You're kidding, right? J. Proctor Knott, a Kentucky congressman, delivered a speech for which he'd be known the rest of his life. A bill before the U.S. House of Representatives was intended to encourage the westward expansion of the railroads by giving land and money to railroad syndicates. Knott, who opposed the bill, delivered a comic oration on "The Untold Delights of Duluth," the small harbor town where one of the railroad lines would have gone.

Let's just say he really poured it on.

"I see it represented on this map that Duluth is situated exactly halfway between the latitudes of Paris and Venice, so that gentlemen who have inhaled the exhilarating airs of the one or basked in the golden sunlight of the other may see at a glance that Duluth must be a place of untold delights [laughter], a terrestrial paradise, fanned by the balmy zephyrs of an eternal spring, clothed in the gorgeous sheen of ever-blooming flowers, and vocal with the silvery melody of nature's choicest songsters. [Laughter.]
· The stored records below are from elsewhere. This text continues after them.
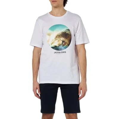 JACK & JONES Men's Jjcellox Tee SS Crew Neck T Shirt, White, S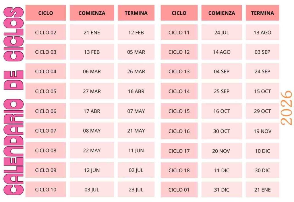 En ésta página encontrarás el Calendario de Ciclos Natura México 2026. En pocas palabras podrás descargar el Calendario Ciclos Natura 100% actualizado para el territorio Mexicano. Una herramienta que te será de gran ayuda para poder anticipar tu ciclo, ó simplemente adelantarte a los lanzamientos apoyándote del catálogo que saldrá.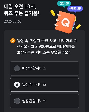▶KB페이 오늘의 퀴즈 3월 30일 문제
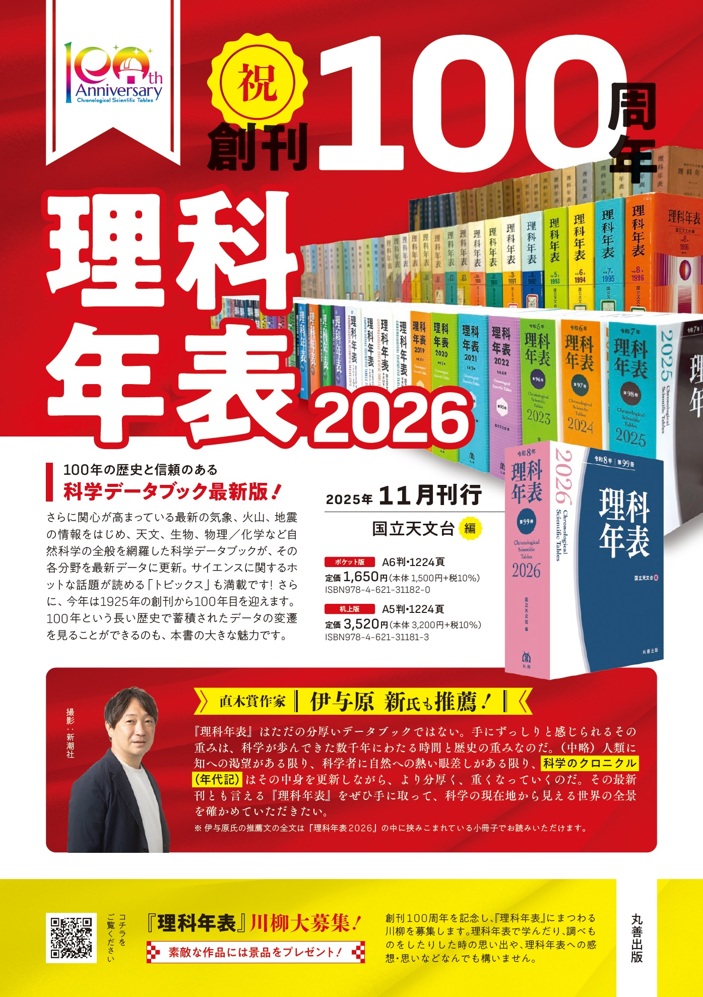 ★『理科年表2026』の帯には、作家の伊与原新氏の推薦文の一部が掲載されており、推薦文の全文は、『理科年表2026』の中に挟み込まれている小冊子パンフレットでお読みいただけます。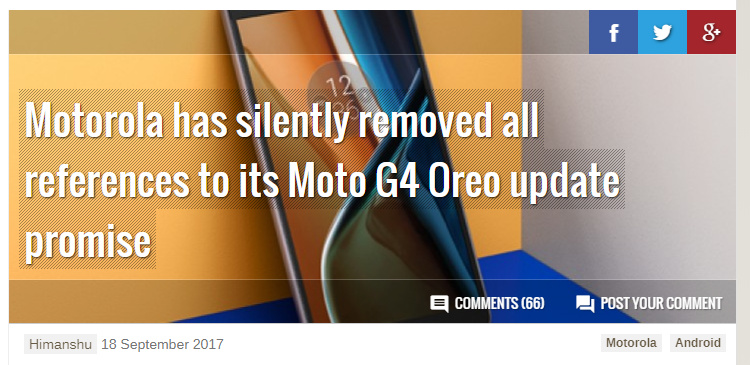 除此之外,摩托罗拉在2017年也因为系统升级闹过不少笑话。Mot G4发布于2016年,算是主力机型之一,联想曾承诺会为Moto G4更新到目前最新的安卓8.0系统,后来却出尔反尔,称只会为其升级到安卓7.0系统。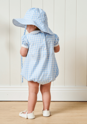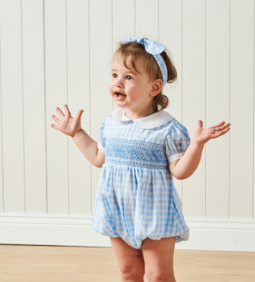 Smox Rox classic, white Peter Pan collar with hand stitched blue edging. Exquisite blue and white hand smocking on bodice. Hand stitched edge on puff sleeve. Pure white buttons at back. Stud crotch.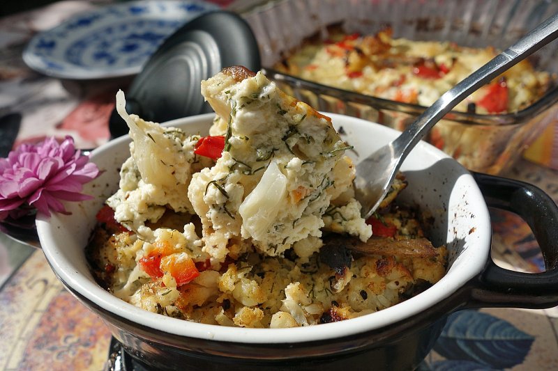 Intr-o tava mai inalta punem conopida si ciupercile, adaugam si ardeiul taiat cubulete mici. Batem ouale impreuna cu smantana si branza de vaci, saram si piperam dupa gust, adaugam si mararul verde taiat fin si turnam acest amestec peste legume.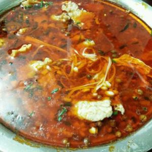 锅内加少许油加葱段生姜片,小火爆香,盛出来留作最后浇用,留点底油,加郫县豆瓣酱炒出红油加水煮沸加盐调味

"In fact, sir, since I have seen this map I have no doubt that Byron was vainly endeavoring to convey some faint conception of the delicious charms of Duluth when his poetic soul gushed forth in the rippling strains of that beautiful rhapsody."

A bill becomes a name: The speech was distributed nationwide to the amusement of many — including Duluthians, who invited the congressman to visit. He did. In 1894, a village near Duluth incorporated itself as Proctorknott, shorting the name to Proctor in 1904.

The bill, by the way, was defeated. Proctor, however, still thrives.